GOAL OF THE EXERCISE:
If an entry contains a picture, omit that picture and transcribe everything else exactly.

RECORDS SHOWN:

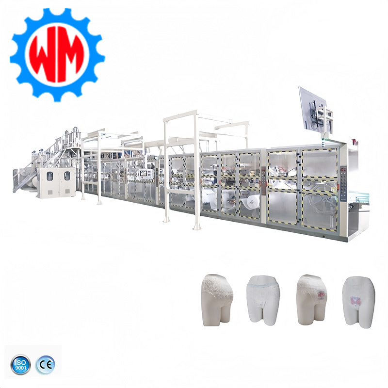 | 제품 구조 | 상단 및 하단 티슈, 면 코어 (SAP 혼합), 커버 시트 친수성 부직포, ADL (흡수 분배층) 부직포, 누출 방지 소수성 부직포 백 시트, 허리 밴드 부직포, 컬러 패턴 스티커, 탄성 허리 밴드, 폐기 스티커. |
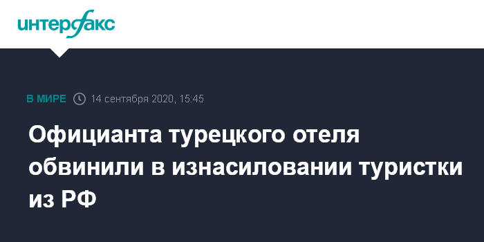 Москва. 14 сентября. INTERFAX.RU - Пятнадцатилетняя туристка из России обвинила официанта 5-звездочного отеля в турецкой Анталье в изнасиловании, сообщает газета Hurriyet.
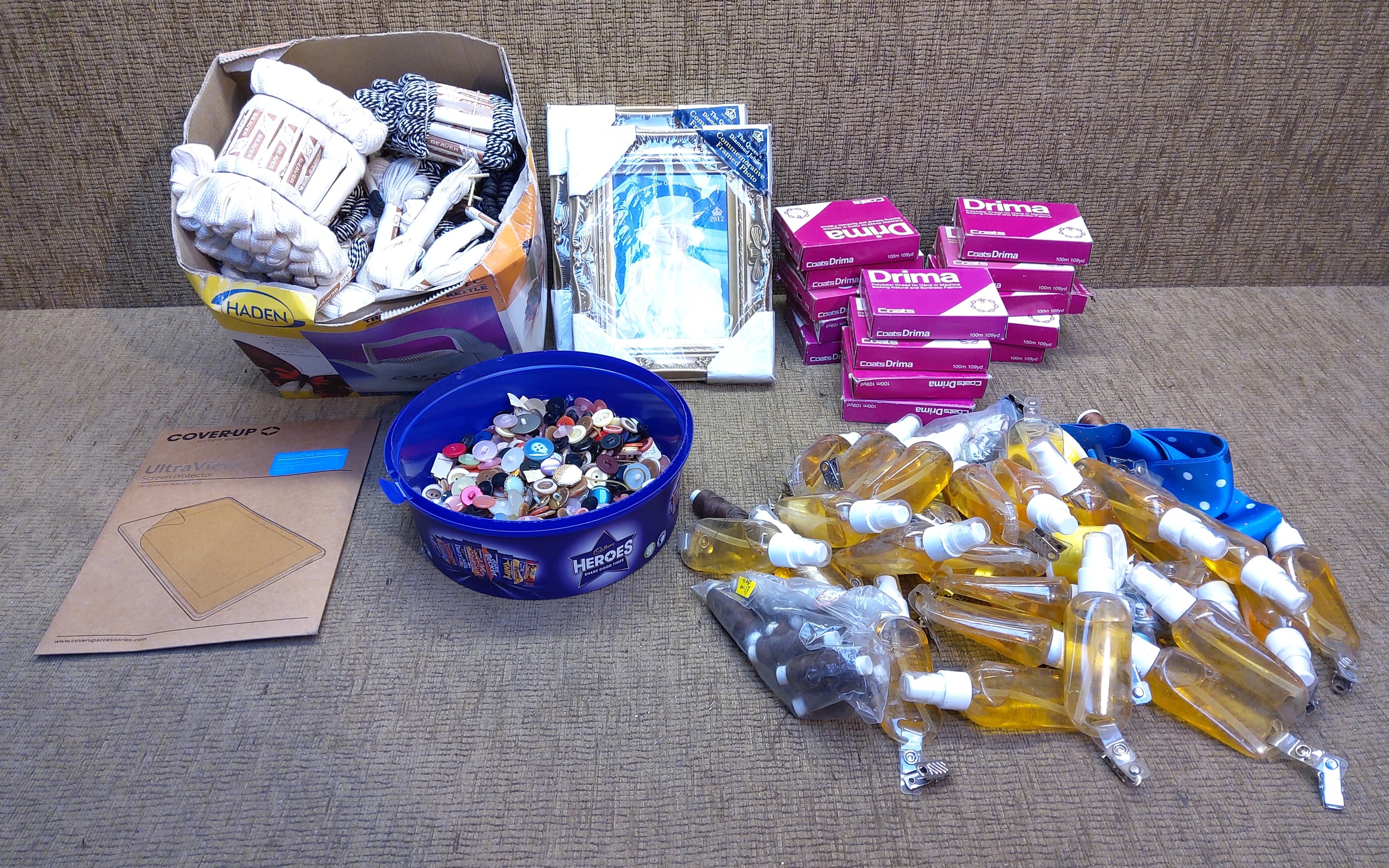 Haberdashery including shoe laces, sewing machine oils and boxes of Drima cottons.
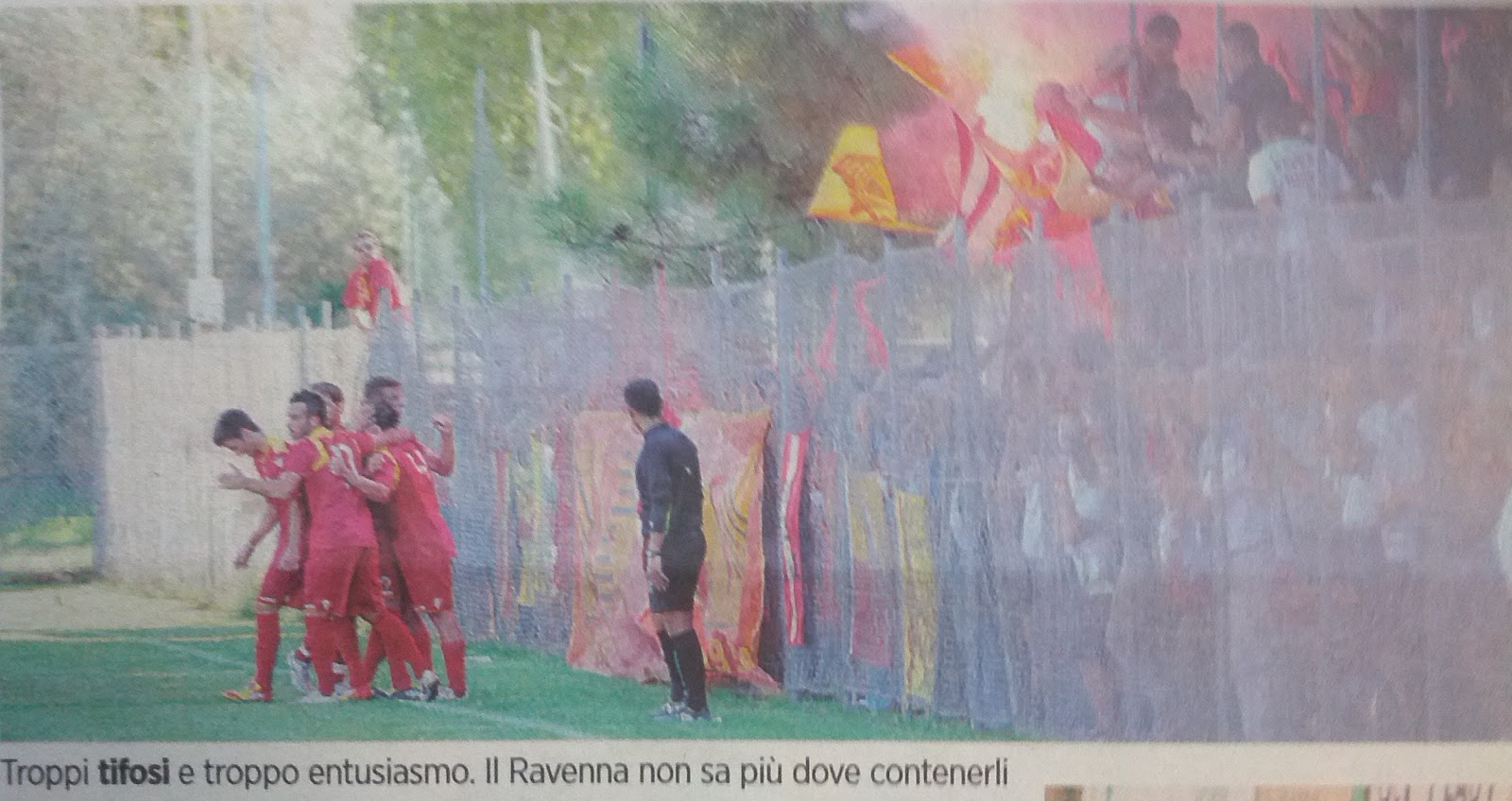 Ahinoi prosegue il nomadismo per le partite in casa del nostro Ravenna. Questa domenica saremo sul campo di Russi sperando sia una sistemazione definitiva perchè la situazione francamente comincia davvero a scocciare e non poco. Per agevolare l'afflusso di tifosi e soprattutto di Ultras ci organizzeremo come per una trasferta; pertanto, chi ha bisogno di un passaggio, potrà contare su di noi anche questa volta. Il ritrovo è per le ore 14 dietro la Curva Mero. Per chi invece verrà direttamente con mezzi propri, potrete trovarci nella tribuna coperta ovviamente allo stadio di Russi. Se nell'ultima "in casa" ad Alfonsine vi volevamo colorati, numerosi e ignoranti (e così è stato), questa volta vogliamo letteralmente una bolgia. Più siamo, più ci divertiamo, prima capiranno che casa nostra è il Benelli. Sulla stampa dicono che non sanno più come contenerci ma ancora non abbiamo mostrato il meglio perciò facciamoli "preoccupare": animo Ravenna!
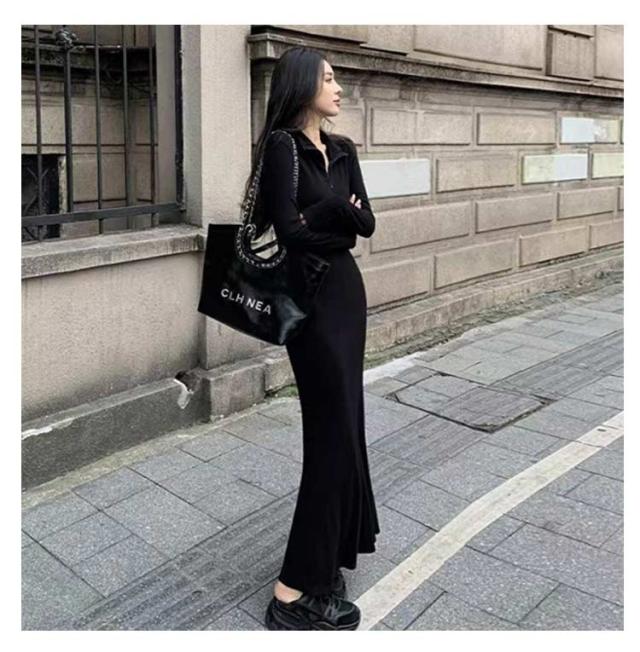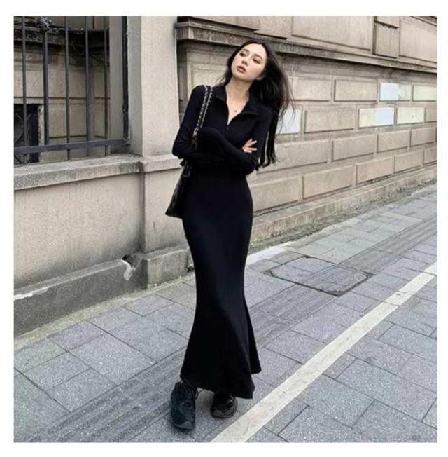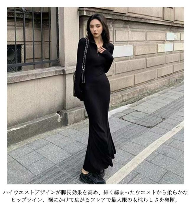 マーメイド ワンピース マーメイドライン ロングワンピース Vネック マキシワンピース マーメイドワンピース ハーフジップ 折り襟 長袖 タイトワンピース 着?せ フェミニン きれいめ S M L XL 2XL
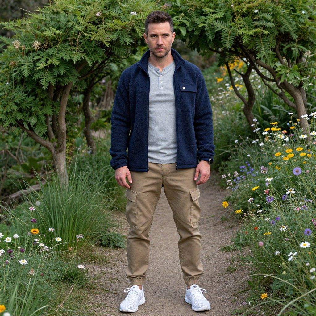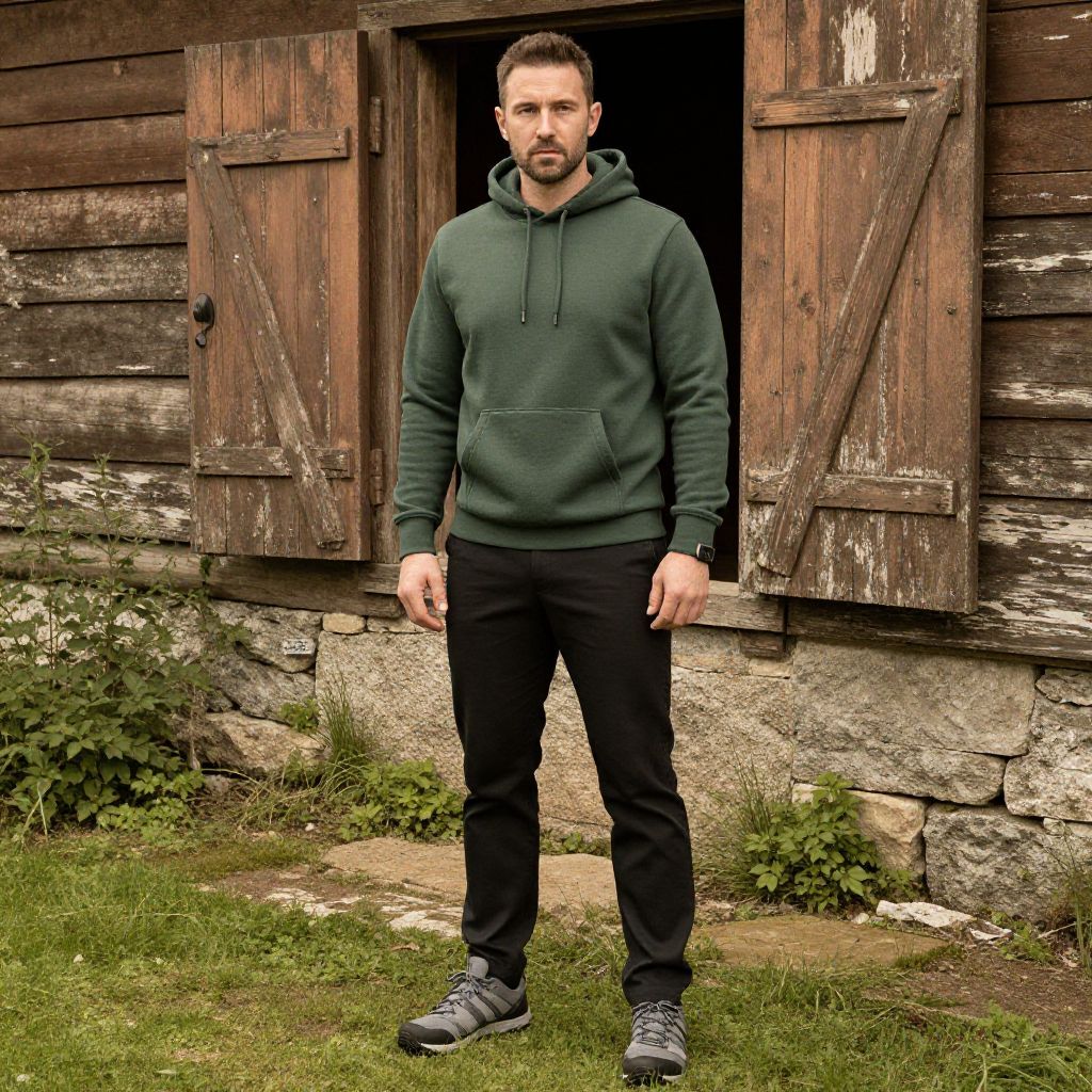 A man, fitted lightweight forest green hoodie, slim-fit black climbing pants, gray trail runners, historic meeting house, weathered wooden shutters, lush green courtyard, sepia effect, relaxed expression. Man has masculine face and piercing eyes
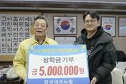 코리아타임뉴스 김택호 기자 | 한국테크노링과 태안군학부모회장협의회·학교운영회위원장협의회가 충남 태안군에 장학금을 기탁하며 지역사랑의 마음을 전했다. 군에 따르면, 한국테크노링은 지난 8일 군청 군수실에서 고기현 팀장이 참석한 가운데 기탁식을 갖고 장학금 500만 원을 태안군사랑장학회에 기탁했다. 한국테크노링은 아시아 최대 규모의 타이어 테스트 트랙으로 한국타이어가 지난 2022년 남면에 건립했으며, 그동안 전국어울림마라톤대회와 설날장사 씨름대회, 태안군민체육대회 등 각종 지역 행사를 후원하고 적돌문학회 등 지역 문화단체와 함께 장학사업도 진행하며 지역사회와의 유대감을 높이고 있다. 고기현 팀장은 “이번 장학금 기탁은 그동안 한국테크노링이 추진해 온 지역 상생 활동의 연장선”이라며 “이번 장학금 기탁이 지역의 교육발전에 작은 밑거름이 되길 바라고 한국테크노링과 태안의 동반 성장을 위해 앞으로도 최선을 다하겠다”고 말했다. 같은날 태안군학부모회장협의회 및 태안군학교운영위원장협의회도 태안군청을 찾아 태안군사랑장학회에 장학금 200만 원을 전달했다. 이는 지역 학생들에게 더 나은 교육환경을 제
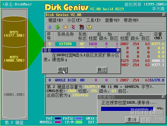 Diskgen继续向下搜索,速度很快,如果Diskgen找到了一些分区,但都离1025柱面较远,很有可能是以前分区遗留下来的,我们通通选择“跳过”。直到如下图所示,Diskgen找到了1020柱面的扩展分区,这是我们需要的,点击“保留”。这样,Diskgen在重建分区表时就会为这个扩展分区自动创建一个分区项。
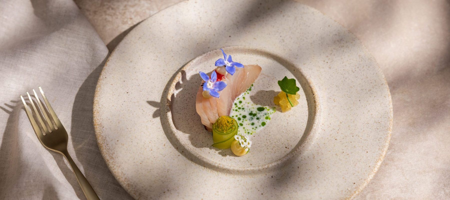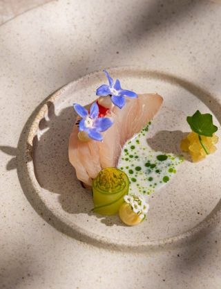 Yuzu cured Murray cod, finger lime emulsion, pickled vegetables, garden herbs

WRITTEN ANSWER:
 | 제품 구조 | 상단 및 하단 티슈, 면 코어 (SAP 혼합), 커버 시트 친수성 부직포, ADL (흡수 분배층) 부직포, 누출 방지 소수성 부직포 백 시트, 허리 밴드 부직포, 컬러 패턴 스티커, 탄성 허리 밴드, 폐기 스티커. |
 Москва. 14 сентября. INTERFAX.RU - Пятнадцатилетняя туристка из России обвинила официанта 5-звездочного отеля в турецкой Анталье в изнасиловании, сообщает газета Hurriyet.
 Haberdashery including shoe laces, sewing machine oils and boxes of Drima cottons.
 Ahinoi prosegue il nomadismo per le partite in casa del nostro Ravenna. Questa domenica saremo sul campo di Russi sperando sia una sistemazione definitiva perchè la situazione francamente comincia davvero a scocciare e non poco. Per agevolare l'afflusso di tifosi e soprattutto di Ultras ci organizzeremo come per una trasferta; pertanto, chi ha bisogno di un passaggio, potrà contare su di noi anche questa volta. Il ritrovo è per le ore 14 dietro la Curva Mero. Per chi invece verrà direttamente con mezzi propri, potrete trovarci nella tribuna coperta ovviamente allo stadio di Russi. Se nell'ultima "in casa" ad Alfonsine vi volevamo colorati, numerosi e ignoranti (e così è stato), questa volta vogliamo letteralmente una bolgia. Più siamo, più ci divertiamo, prima capiranno che casa nostra è il Benelli. Sulla stampa dicono che non sanno più come contenerci ma ancora non abbiamo mostrato il meglio perciò facciamoli "preoccupare": animo Ravenna!
 マーメイド ワンピース マーメイドライン ロングワンピース Vネック マキシワンピース マーメイドワンピース ハーフジップ 折り襟 長袖 タイトワンピース 着?せ フェミニン きれいめ S M L XL 2XL
 A man, fitted lightweight forest green hoodie, slim-fit black climbing pants, gray trail runners, historic meeting house, weathered wooden shutters, lush green courtyard, sepia effect, relaxed expression. Man has masculine face and piercing eyes
 코리아타임뉴스 김택호 기자 | 한국테크노링과 태안군학부모회장협의회·학교운영회위원장협의회가 충남 태안군에 장학금을 기탁하며 지역사랑의 마음을 전했다. 군에 따르면, 한국테크노링은 지난 8일 군청 군수실에서 고기현 팀장이 참석한 가운데 기탁식을 갖고 장학금 500만 원을 태안군사랑장학회에 기탁했다. 한국테크노링은 아시아 최대 규모의 타이어 테스트 트랙으로 한국타이어가 지난 2022년 남면에 건립했으며, 그동안 전국어울림마라톤대회와 설날장사 씨름대회, 태안군민체육대회 등 각종 지역 행사를 후원하고 적돌문학회 등 지역 문화단체와 함께 장학사업도 진행하며 지역사회와의 유대감을 높이고 있다. 고기현 팀장은 “이번 장학금 기탁은 그동안 한국테크노링이 추진해 온 지역 상생 활동의 연장선”이라며 “이번 장학금 기탁이 지역의 교육발전에 작은 밑거름이 되길 바라고 한국테크노링과 태안의 동반 성장을 위해 앞으로도 최선을 다하겠다”고 말했다. 같은날 태안군학부모회장협의회 및 태안군학교운영위원장협의회도 태안군청을 찾아 태안군사랑장학회에 장학금 200만 원을 전달했다. 이는 지역 학생들에게 더 나은 교육환경을 제
 Diskgen继续向下搜索,速度很快,如果Diskgen找到了一些分区,但都离1025柱面较远,很有可能是以前分区遗留下来的,我们通通选择“跳过”。直到如下图所示,Diskgen找到了1020柱面的扩展分区,这是我们需要的,点击“保留”。这样,Diskgen在重建分区表时就会为这个扩展分区自动创建一个分区项。
 Yuzu cured Murray cod, finger lime emulsion, pickled vegetables, garden herbs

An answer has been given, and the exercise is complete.